Dataset:
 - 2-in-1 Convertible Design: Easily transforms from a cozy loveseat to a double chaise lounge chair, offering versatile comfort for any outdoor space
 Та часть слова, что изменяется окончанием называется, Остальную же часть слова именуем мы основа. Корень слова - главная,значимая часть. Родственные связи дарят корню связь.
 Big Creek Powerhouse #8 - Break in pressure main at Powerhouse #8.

--

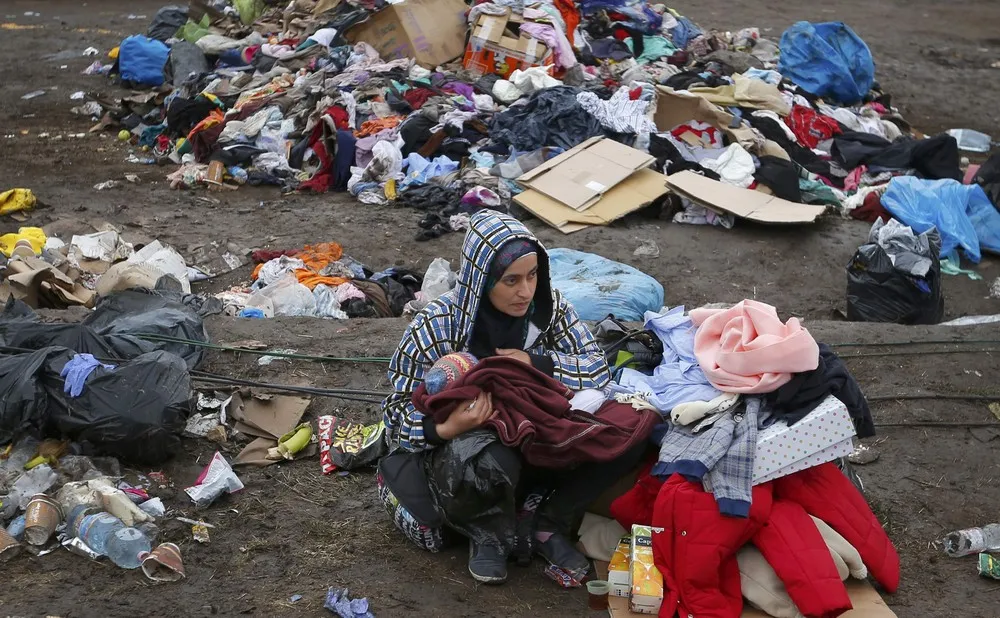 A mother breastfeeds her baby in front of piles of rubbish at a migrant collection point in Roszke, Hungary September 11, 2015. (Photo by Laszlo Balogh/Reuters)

What you need to do: All lines above from the one with "- 2-in-1 Convertible" to the one with "Big Creek Powerhouse", inclusive, should be copied exactly, and no other lines.

Reply:
 - 2-in-1 Convertible Design: Easily transforms from a cozy loveseat to a double chaise lounge chair, offering versatile comfort for any outdoor space
 Та часть слова, что изменяется окончанием называется, Остальную же часть слова именуем мы основа. Корень слова - главная,значимая часть. Родственные связи дарят корню связь.
 Big Creek Powerhouse #8 - Break in pressure main at Powerhouse #8.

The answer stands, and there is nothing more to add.